Parking offenders treated better than fatality victims’ families

The British establishment, in all its many aspects, bends over backwards to accommodate the sense of injustice felt by drivers who have received a parking ticket:

The Parking and Traffic Appeals Service, PATAS, provides a free independent adjudication service for deciding disputed parking and bus lane penalties issued by local authorities for parking or bus lane offences. PATAS aim to provide a fast, efficient service that gives fair and impartial decisions, is easy to understand and is as informal as possible. They have a team of Adjudicators who decide the appeals and can direct the local authority involved to cancel the penalty.

Consultants to the former Lord Chancellor's Department have described PATAS as 'the most user focused aspect of justice in the country'

There is much less ‘user focus’ when it comes to how families bereaved by killer drivers are treated:

A GRIEVING family were not told that a man was 12 months ago fined for his role in the fatal accident that took their son's life.

An inquest today heard that Amjid Malik, 23, of Netley Road, Walthamstow, suffered serious injuries after the Nissan car he was travelling in ploughed into a lamppost in Orient Way, Leyton, on June 17, 2007.

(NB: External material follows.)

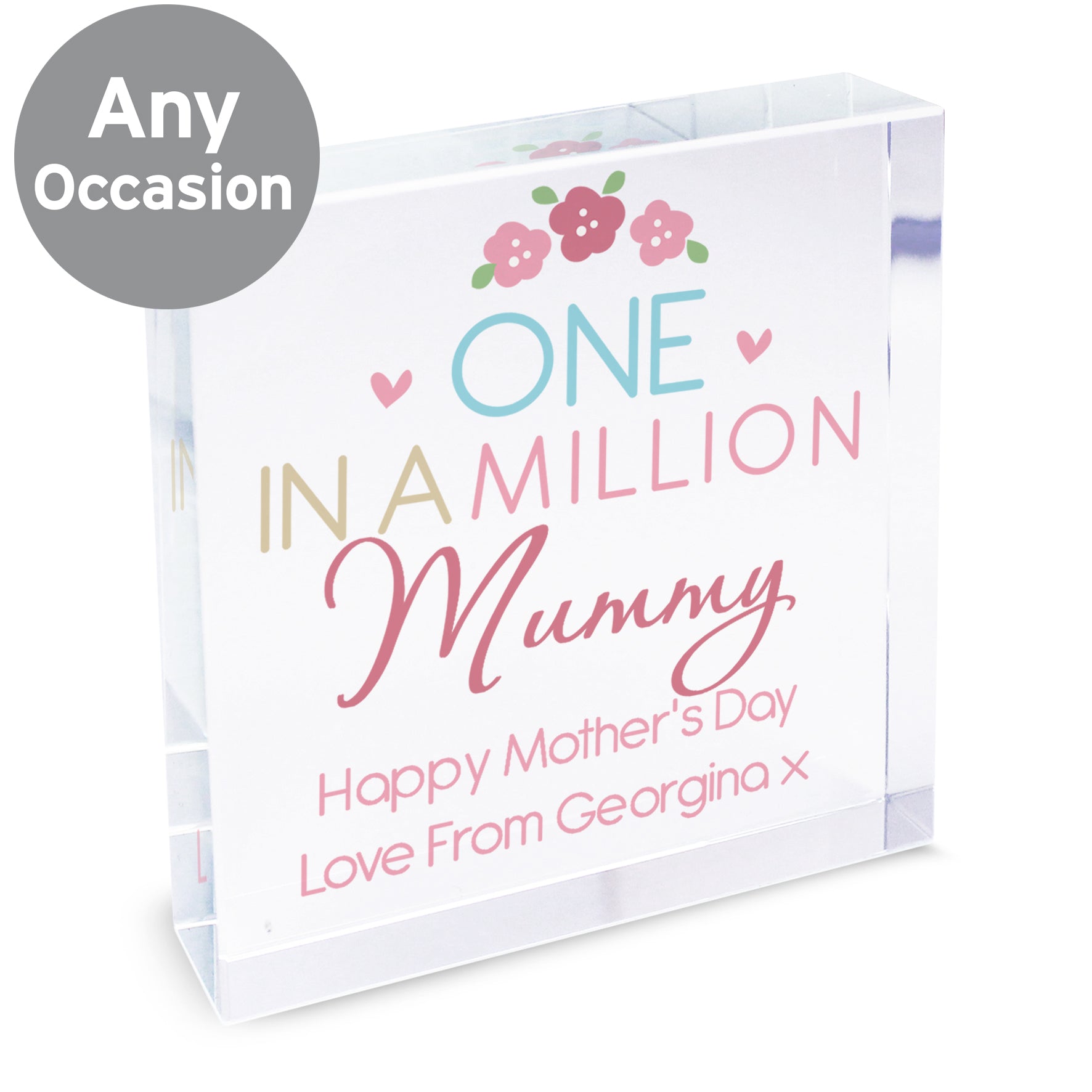 Details: Personalise this One in a Million Crystal Token with a role/name up to 12 characters and a message over 2 lines of up to 20 characters per line. 'One in a Million' is fixed text. All personalisation is case sensitive and will appear as entered. Due to the font type used, please refrain from using capitals in the role/name. Comes presented in a black gift box. Ideal for- Birthdays, Anniversary, Valentines, Mother's Day, Christmas.
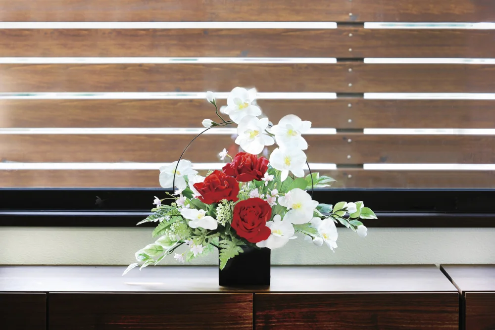 お迎えする空間に映える華やかで上品なアートフラワーです。

The driver and one other passenger escaped serious harm but Mr Malik was left in a permanently paralysed and vegetative state fed through a tube.

Steven Gilbert, a now retired police officer who investigated the fatal crash, told the family that the driver of the car, Mansoor Hussain, of Manor Road, Leyton, was last March found guilty of careless driving at Barking Magistrates Court. He was fined £300, ordered to pay £300 costs and given nine points on his license.

Friends and family of Mr Malik were shocked that nobody had told them of the conviction. The family are angry that Hussain was not jailed or disqualified from driving and are considering taking legal advice about the possibility of getting the police file re-opened.

Sabrina Durrani, a close friend of the family, said: "It is disgusting that he has got off so lightly, you can get £80 for a parking ticket, so £300 for a life is a joke, its a slap on the wrist."

Mr Gilbert said an analysis of the car damage suggests the vehicle was travelling at between 38 and 54 mph

Orient Way, where this fatal collision took place, is the hideous, supposedly 30 mph new road that for cosmetic reasons had a grisly cycle path tacked on, which was so badly designed it won a prize from the London Cycling Campaign! More on that another day.